Court documents further indicate that, between June 2022 and February 2024, the primary LockBit administrator made a series of cryptocurrency transfers, laundered through one or more illicit cryptocurrency mixing services, of approximately $10,000 per month to a cryptocurrency wallet owned by Panev. Those transfers amounted to over $230,000 during that period.
In interviews with Israeli authorities following his arrest in August 2024, Panev admitted to having performed coding, development, and consulting work for the LockBit group and to having received regular payments in cryptocurrency for that work, consistent with the transfers identified by US authorities. Among the work that Panev admitted to having completed for the LockBit group was the development of code to disable antivirus software, deploy malware to multiple computers connected to a victim network, and print the LockBit ransom note to all printers connected to a victim network. Panev also admitted to having written and maintained LockBit malware code and providing technical guidance to the LockBit group.

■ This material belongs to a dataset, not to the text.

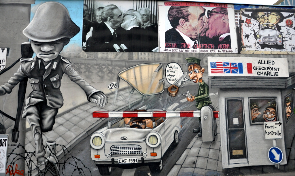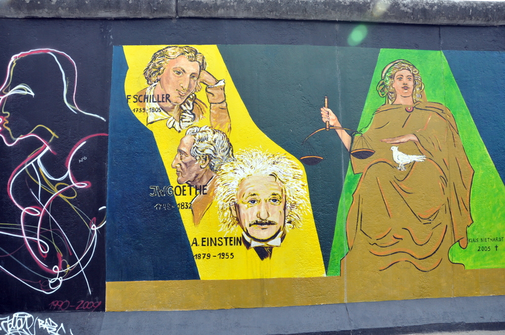 The East Side Gallery, not to be confused with the Far Side Gallery :), is a 1.3km long section of the Berlin Wall that was left intact as an international memorial for freedom.
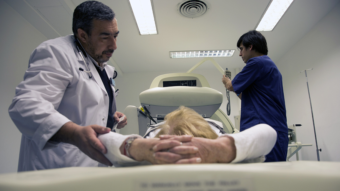 Buenos Aires, Argentina — Injection in, arms up, eyes closed. This is how 81-year-old Lola Fiskel plunges her body into a futuristic-looking machine at the Nuclear Diagnostics Centre Foundation in Buenos Aires. Thanks to machines like this one, which use radiation to see inside the human body, doctors have been able to diagnose Fiskel’s heart condition early enough to treat her.

The superseding complaint against, and apprehension of, Panev follows a disruption of LockBit ransomware in February 2024 by the United Kingdom (UK)’s National Crime Agency (NCA)’s Cyber Division, which worked in cooperation with the Justice Department, FBI, and other international law enforcement partners. As previously announced by the Department, authorities disrupted LockBit by seizing numerous public-facing websites used by LockBit to connect to the organization’s infrastructure and by seizing control of servers used by LockBit administrators, thereby disrupting the ability of LockBit actors to attack and encrypt networks and extort victims by threatening to publish stolen data. That disruption greatly diminished LockBit’s reputation and ability to attack further victims, as alleged by documents filed in this case.
The superseding complaint against Panev also follows charges brought in the District of New Jersey against other LockBit members, including its alleged primary creator, developer, and administrator, Dmitry Yuryevich Khoroshev. An indictment against Khoroshev unsealed in May 2024 alleges that Khoroshev began developing LockBit as early as September 2019, continued acting as the group’s administrator through 2024, a role in which Khoroshev recruited new affiliate members, spoke for the group publicly under the alias ‘LockBitSupp,’ and developed and maintained the infrastructure used by affiliates to deploy LockBit attacks. Khoroshev is currently the subject of a reward of up to $10 million through the US Department of State’s Transnational Organized Crime (TOC) Rewards Program, with information accepted through the FBI tip website at www.tips.fbi.gov/.